On November 29, 2018 Pure Hemp made an early attempt to dispose of the case and filed a motion for partial summary judgement. In the motion, Pure Hemp argued to the court that the 911 Patent is invalid because the claims (which define the scope of protection afforded by the patent) are directed to “natural phenomena,” namely, cannabinoids and terpenes that are found naturally in the cannabis plant. Certain subject matter is not subject to patent protection, such as something that exists naturally in the wild, like DNA.

On April 17, 2019, the court denied Pure Hemp’s motion, applying a test set forth by the Supreme Court in Alice Corp. v. CLS Bank International. The court found that Pure Hemp failed to show that a liquefied version of cannabinoids and related chemicals at the concentrations specified in the ’911 Patent is like a natural phenomenon, primarily because it didn’t show that “these precise concentrations [95% pure cannabinoids], or anything close to them, occur in liquid form in nature.” Thus, from the information the parties provided, the court held that the ’911 Patent was not patent ineligible, and was unwilling to dispose of the case at this very early stage based on Pure Hemp’s argument.

The significance of this latest decision is two-fold. First, had the court ruled cannabis extracts to be patent ineligible, the case would be over, and the patent would be thrown out. Such a ruling could also temper any future patent enforcement efforts in the cannabis space. Second, that cannabis extracts were found not to be patent-ineligible subject matter means that at least this court suggests that there could be other valid patents covering cannabis extracts in the future. This is good news for industry players investing in cannabis, as technologies for creating cannabis extracts, particular formulations, or treatment regimens that rely on cannabis extracts all still may be eligible for patent protection. Thus, companies may want to explore whether they have any patentable subject matter in their business and seek patent protection.

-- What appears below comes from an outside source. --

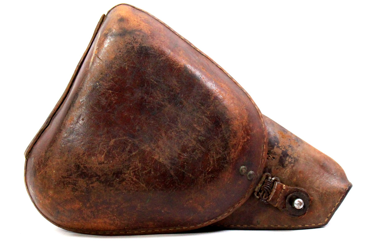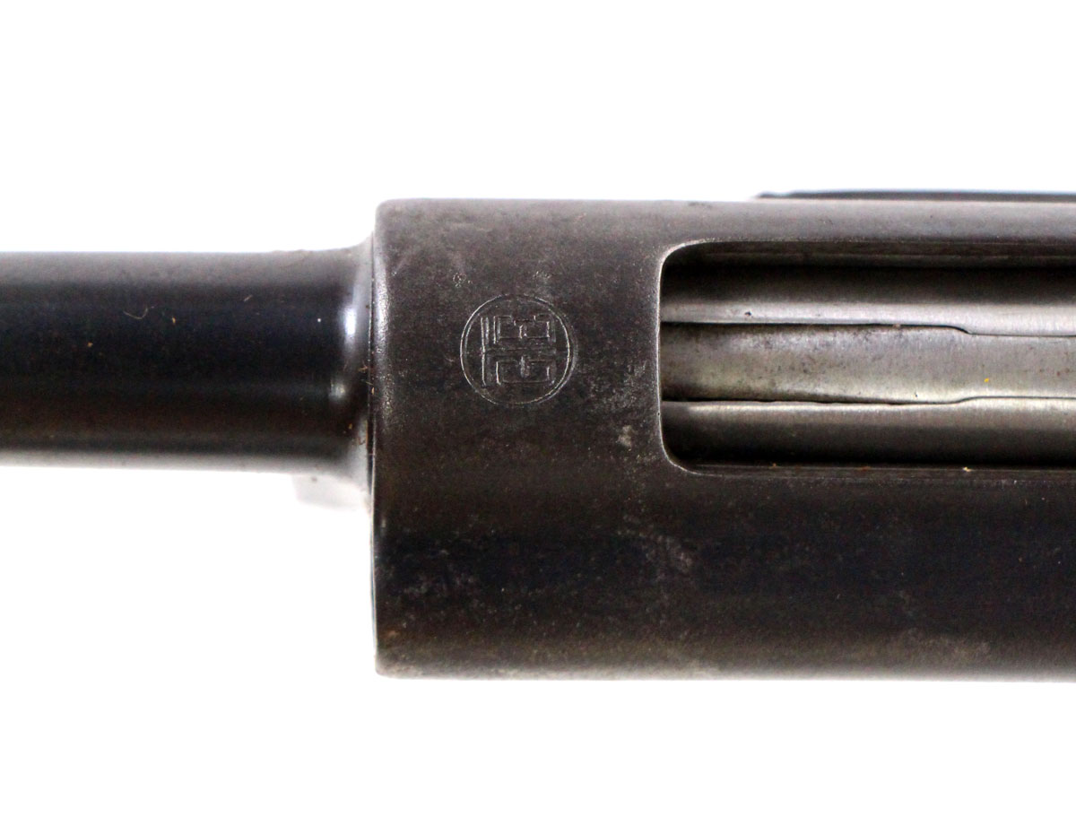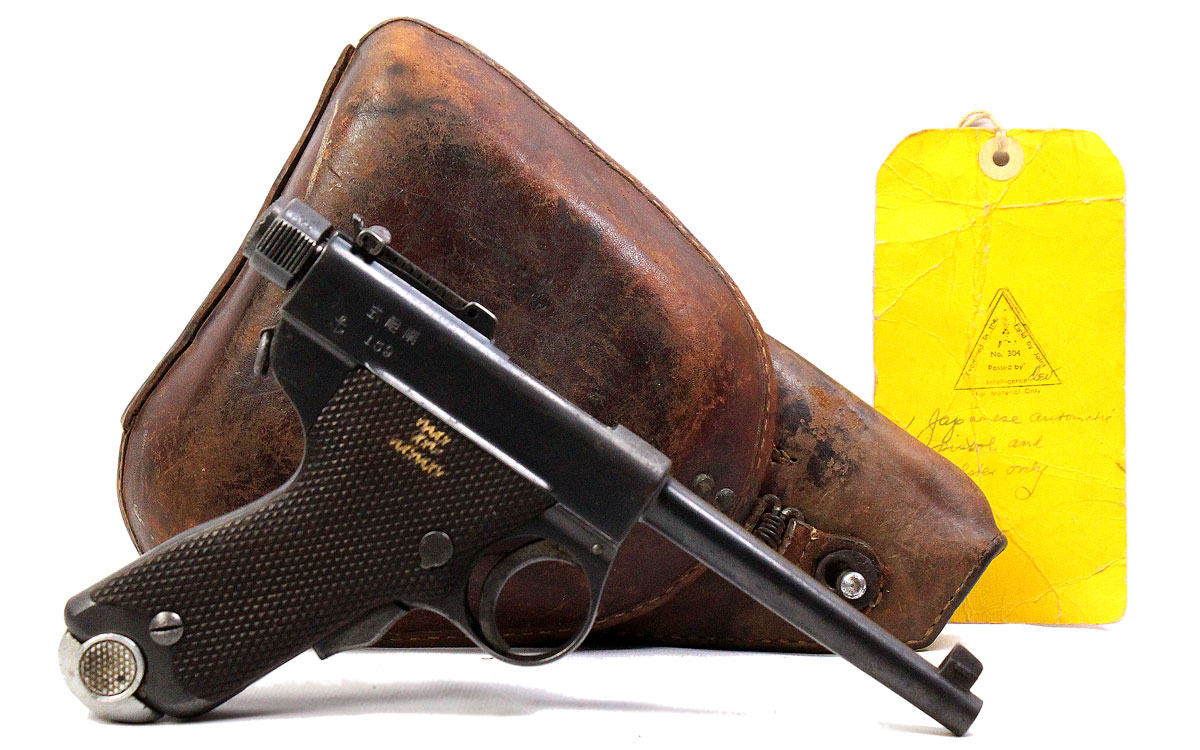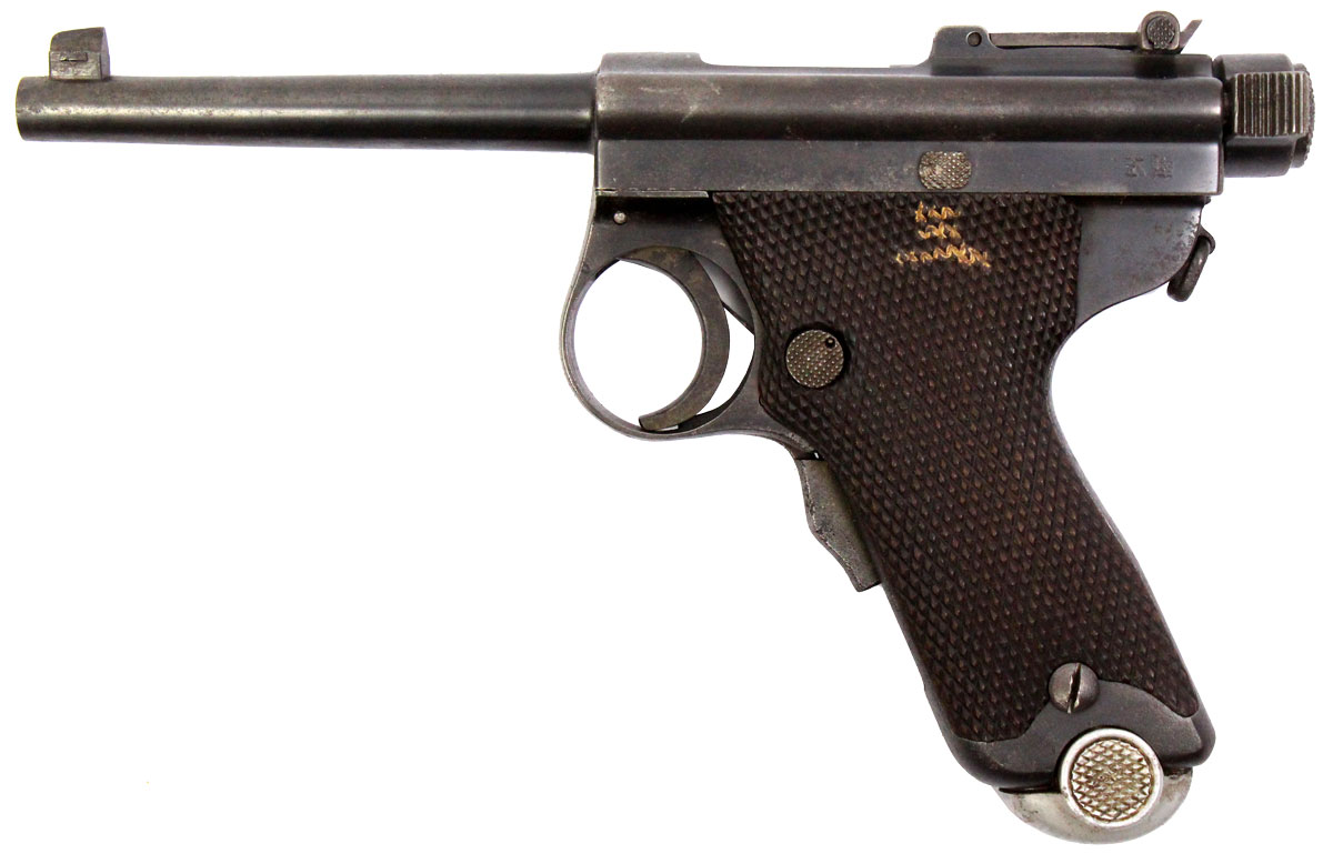 This is a classic navy contract Tokyo Gas and Electric Papa Nambu pistol chambered in 8x22mm. It features a 4.75-inch barrel, 8-round magazine, grip safety, tangent rear sight, lanyard ring, and wood grips. Includes leather holster and what appears to be a capture tag. Overall, this pistol is in good condition with significant pitting throughout the barrel and frame. The holster is in fair condition with normal age-related wear, the strap has a tear in it near the buckle. The magazine is mismatched from the gun. There is a naval anchor stamp next to the serial number and a Tokyo Gas and Electric stamp is visible on the chamber. This would be a good choice for military surplus collectors. Buy online today!

But that was not the end of the court’s opinion. In a move that may foreshadow future developments in the case, the court went out of its way to note that it “sees reason to question whether the ’911 Patent claims anything novel, useful, or nonobvious.” Under U.S. patent laws, an invention has to meet all three of these requirements in order to be patentable. In noting this, the court pointed back to its overview of what the ’911 Patent does not claim, such as, for example:

  • A process for extracting cannabinoids from cannabis plants
  • A process for making the “liquid cannabinoid formulation”
  • Particular ratios between the cannabinoids and the inactive ingredients in a formulation
  • A process for ensuring that the 95 percent threshold has been met
  • A method for using any claimed formulation to treat any particular disease, condition, or symptom

The court was, in essence, giving categorical examples of concepts that it would expect to see in a valid cannabis patent, instead of a mere extract percentage, which arguably is the scope of the UCANN patent.

What’s Next?

Pure Hemp stated in its response to the lawsuit that anyone in the cannabis industry would be aware that all of these processes and their resulting products had been in use for years before 2014, when UCANN filed its patent application, and that their use has been growing rapidly with the increasing demand for concentrates and related products.  This is an attempt to argue that the patent is not novel and UCANN’s patent is invalid.

Although the outcome of this motion is an early setback for Pure Hemp, the court seems to be signaling that this patent may eventually be invalidated—a cue that Pure Hemp will likely attempt to capitalize on in a future motion.